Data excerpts
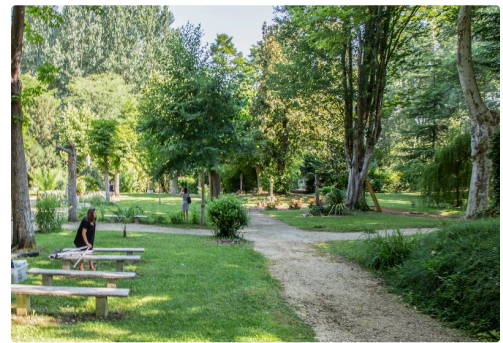
Autre vue du jardin
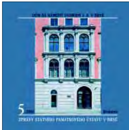
Obálka publikace Zprávy Státního památkového ústavu v Brně, číslo 5/2001 věnované budově na nám. Svobody 8
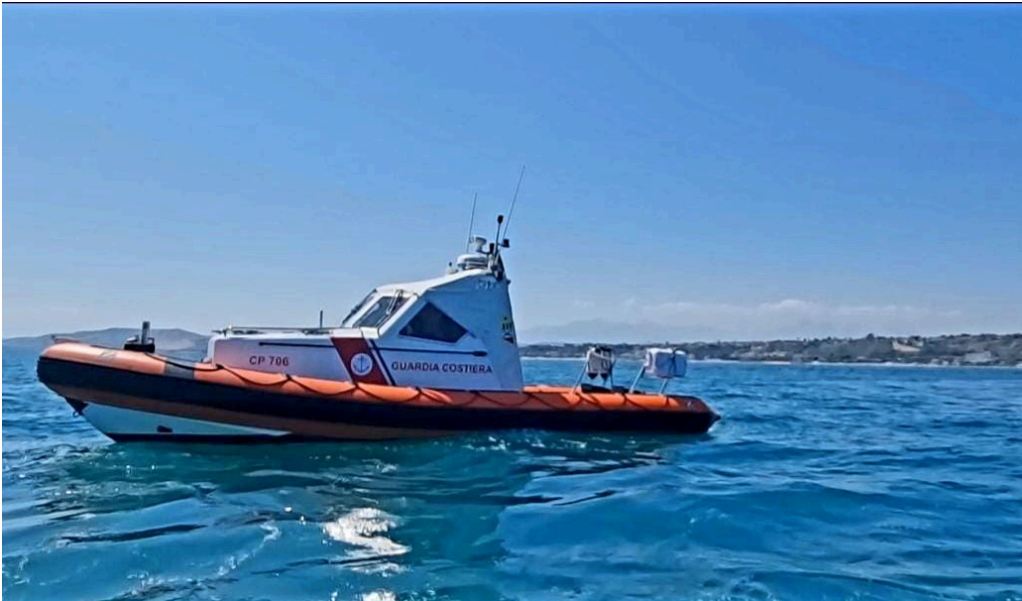
Guardia Costiera Giulianova
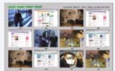
학생 감독 화면
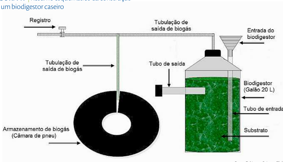
FIGURA 17 | Resumo esquemático da construção de um biodigestor caseiro

Uma alternativa para as pequenas propriedades é a construção de um biodigestor caseiro. Na figura 17 é apresentado um resumo esquemático do passo a passo de como um suinocultor pode construir um biodigestor na sua propriedade rural. O esquema proposto é baseado em Pakistan Science Club (2012).
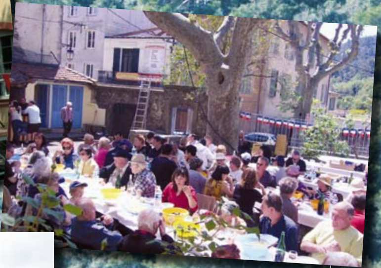
Fête du 1 er Mai
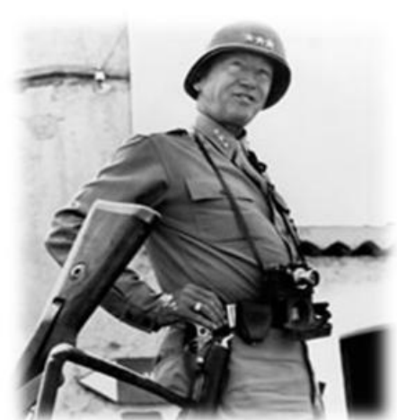
Obr. Americký generál Patton, když si prohlížel ruiny Škodovky, prohlásil: »Dobrá práce, jsem spokojený!«
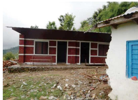
学校運営委員会が建設した校舎
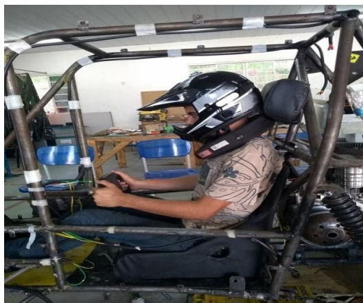
Figura 3: Adaptação do volante

Na figura 3 é possível observar que a altura do volante foi demarcada de maneira que atendesse os requisitos do piloto e de segurança do carro, possibilitando uma boa “pega” e pilotagem, ainda garantindo uma boa visibilidade para o piloto.
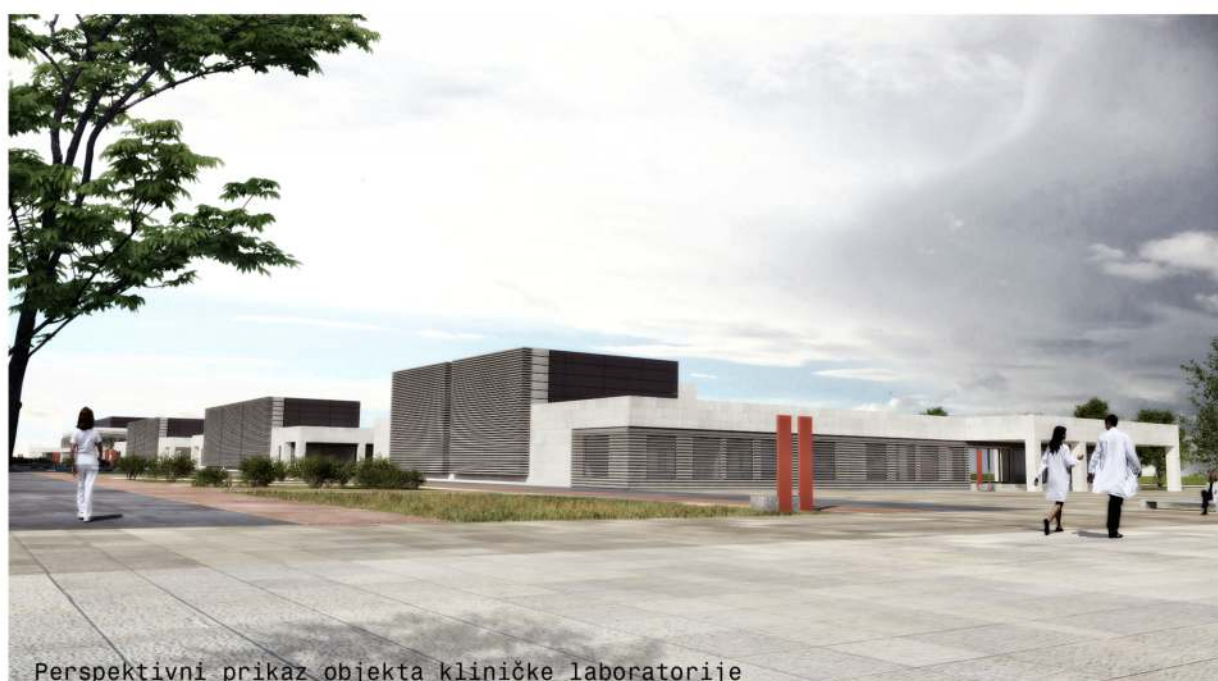
Perspektivni prikaz objekta kliničke laboratorije
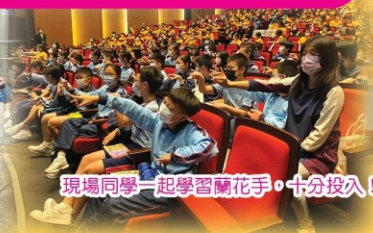
現場同學一起學習蘭花手，十分投入！
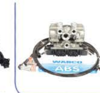
Wabco ABS Center مركز فرامل ABS ال WABCO
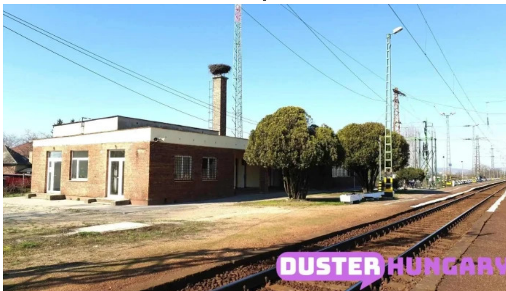
Mezőzombor vasutallomas mez?zombor
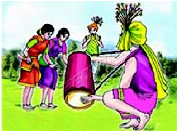
चित्रम् 2.9 मध्य-प्रदेशस्य नृत्यम्
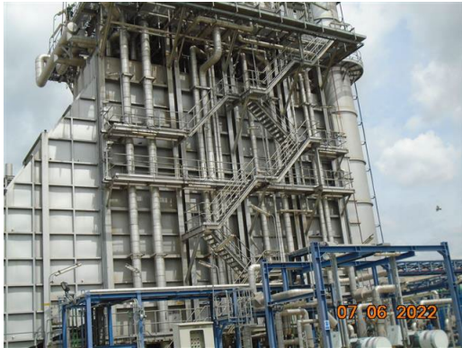
ภาพที่ 2-49 บันได ทางเดิน และชั้นลอย
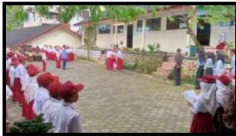
Dokumentasi Kegiatan 13 Mei 2022
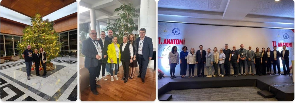
Şekil 8. 11. Anatomi Kış Günleri toplantısı.
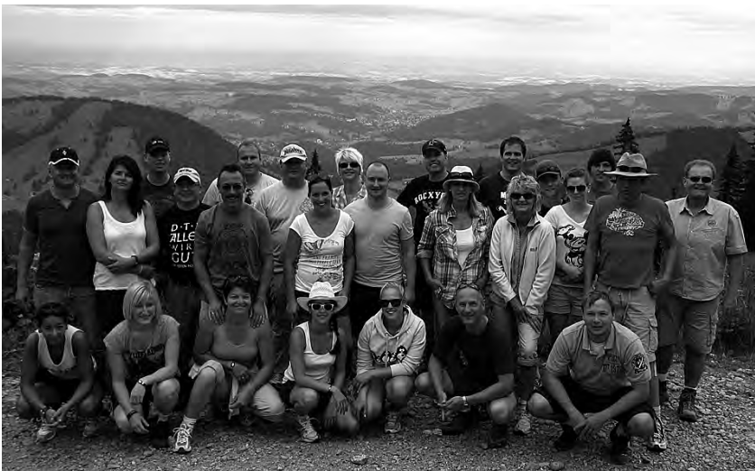
Handball-Ausflugsgruppe vor dem Staufner Haus

Viel Spaß hatten die über 40 teilnehmenden Mädels und Jungs der TV-Handballabteilung beim zweitägigen Trainingscamp am letzten Oktober-Wochenende. Zu Beginn der Herbstferien veranstalteten die Steinheimer Handballer ihr schon traditionelles Trainingscamp für ihre E-, D- und C-Jugendteams. Am Samstagmorgen ging es nach der Begrüßung und einem gemeinsamen Fototermin gleich mit einigen Aufwärmspielen los. Anschließend wurde an fünf verschiedenen Stationen die Koordinationsfähigkeit aller teilnehmenden Kids geschult und geför-
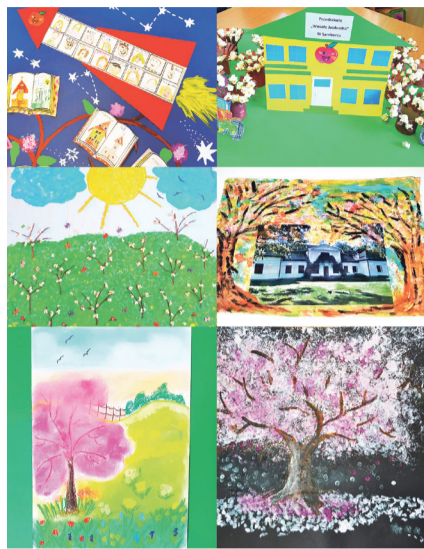
Gminna Biblioteka Publiczna w Samborcu KOCHAM TĘ ZIEMIĘ konkurs plastyczny on-line

uwagę na oryginalny pomysł i estetykę wykonania. Poziom był bardzo wyrównany, w związku z tym podjęto decyzję o przyznaniu nagród równorzędnych. Wśród laureatów konkursu znalazły się dzieci i młodzież oraz grupy przedszkolne i klasy ze szkół podstawowych z terenu naszej gminy. Zwycięzcy otrzymali fantastyczne nagrody książkowe.
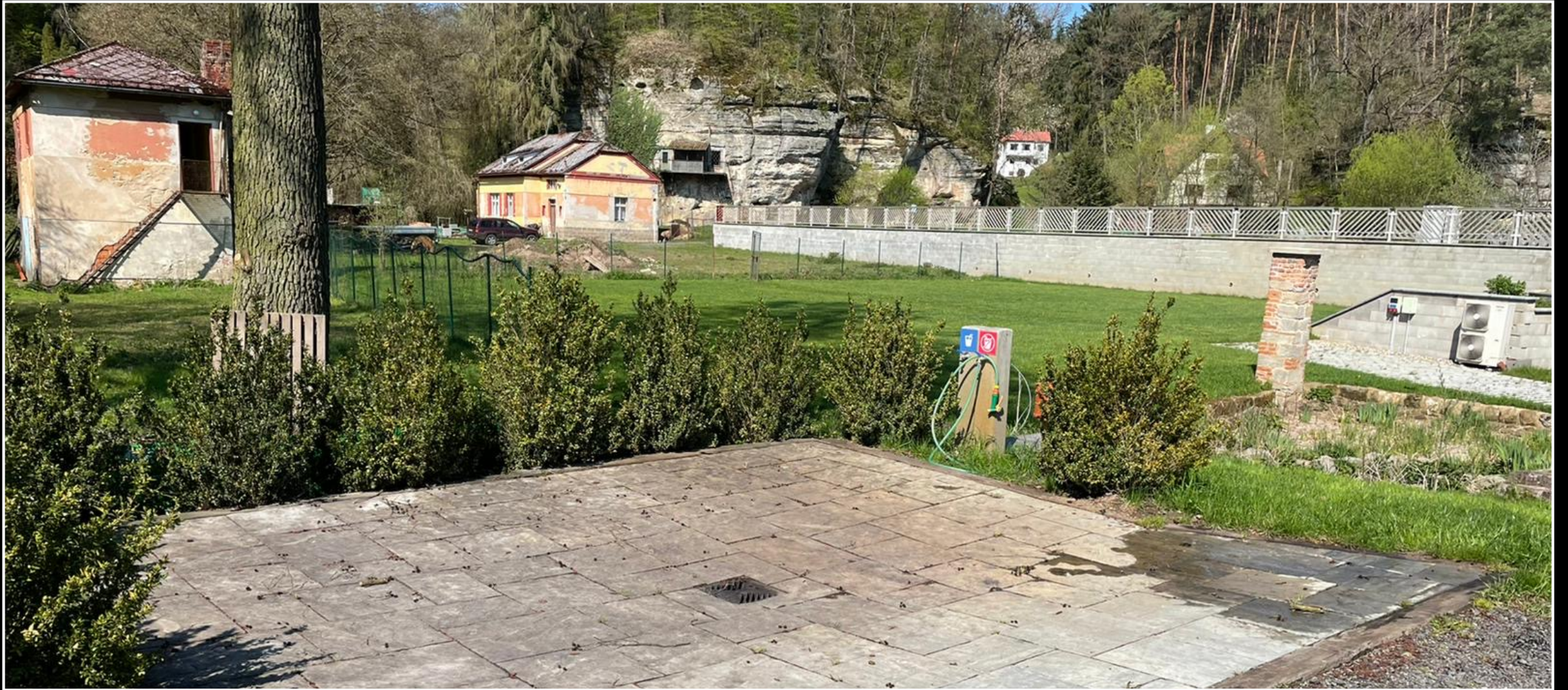
Servisní bod stání – jednoduché řešení
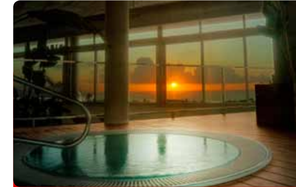
Peeling Corporal con Baño de Burbujas
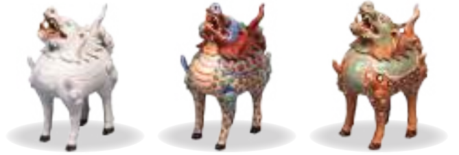
色絵犀形香炉 江戸時代 17世紀 徳川綱誠(尾張家3代)所用 建中寺蔵
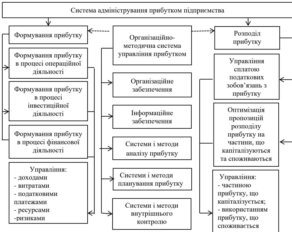
Рис. 1. Структурно-логічна схема здійснення процесу адміністрування прибутком підприємства

# What is needed
Starting with the line above that holds "चित्रम् 2.9 मध्य-प्रदेशस्य नृत्यम्", restate each line word for word up to and including the line that holds "Handball-Ausflugsgruppe vor dem Staufner Haus". Drop the pictures.

# Answer
चित्रम् 2.9 मध्य-प्रदेशस्य नृत्यम्
ภาพที่ 2-49 บันได ทางเดิน และชั้นลอย
Dokumentasi Kegiatan 13 Mei 2022
Şekil 8. 11. Anatomi Kış Günleri toplantısı.
Handball-Ausflugsgruppe vor dem Staufner Haus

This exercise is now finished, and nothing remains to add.